* AIM OF THE EXERCISE:
No line before the one holding "邵阳新闻在线讯(通讯员罗小亮" is to be copied; that line and all after it, through the end of the listing, are returned exactly, minus pictures.
==== DATA EXCERPT ====
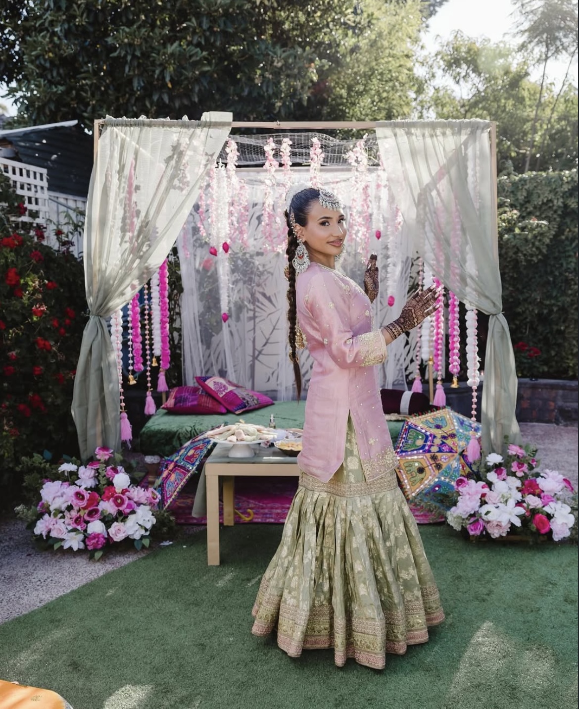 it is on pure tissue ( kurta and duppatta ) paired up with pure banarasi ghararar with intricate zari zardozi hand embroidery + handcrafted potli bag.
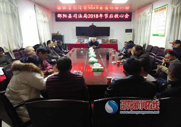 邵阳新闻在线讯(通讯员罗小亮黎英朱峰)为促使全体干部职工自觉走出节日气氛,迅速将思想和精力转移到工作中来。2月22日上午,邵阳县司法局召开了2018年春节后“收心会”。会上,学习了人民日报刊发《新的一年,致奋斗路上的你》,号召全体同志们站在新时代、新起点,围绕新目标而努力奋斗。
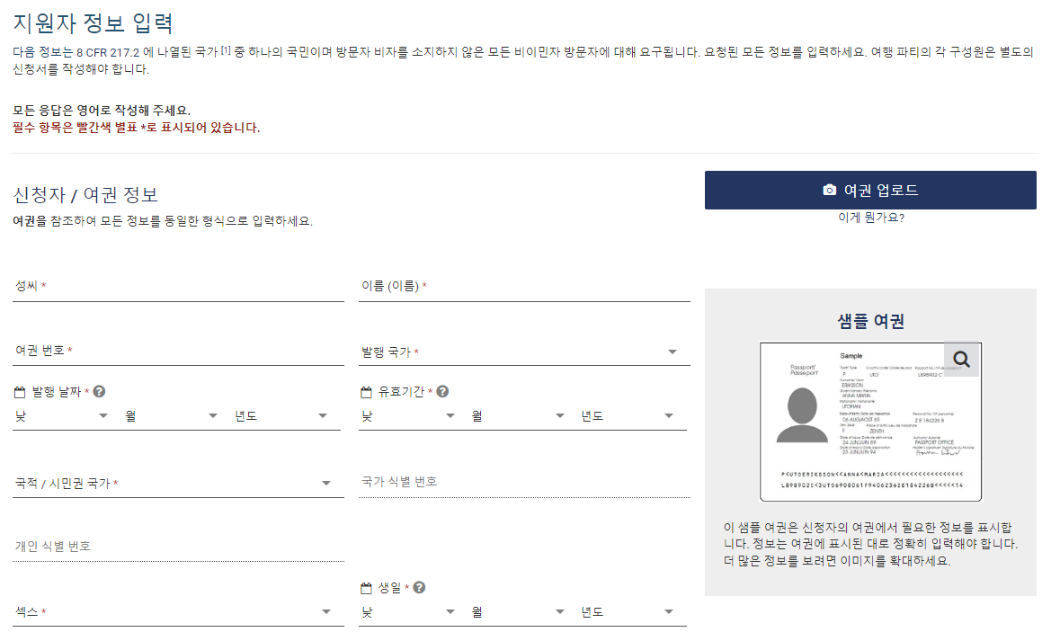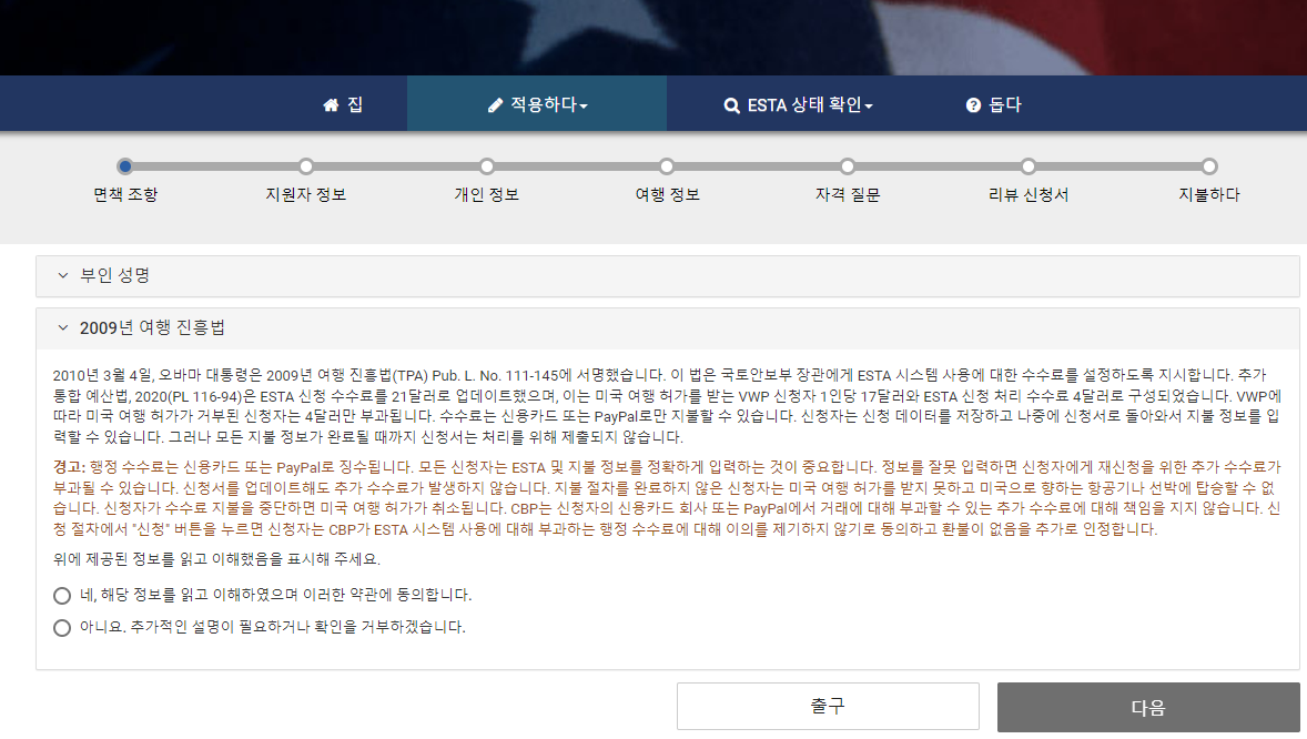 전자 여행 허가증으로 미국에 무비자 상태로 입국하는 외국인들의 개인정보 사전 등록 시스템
====
* TASK RESPONSE:
 邵阳新闻在线讯(通讯员罗小亮黎英朱峰)为促使全体干部职工自觉走出节日气氛,迅速将思想和精力转移到工作中来。2月22日上午,邵阳县司法局召开了2018年春节后“收心会”。会上,学习了人民日报刊发《新的一年,致奋斗路上的你》,号召全体同志们站在新时代、新起点,围绕新目标而努力奋斗。
 전자 여행 허가증으로 미국에 무비자 상태로 입국하는 외국인들의 개인정보 사전 등록 시스템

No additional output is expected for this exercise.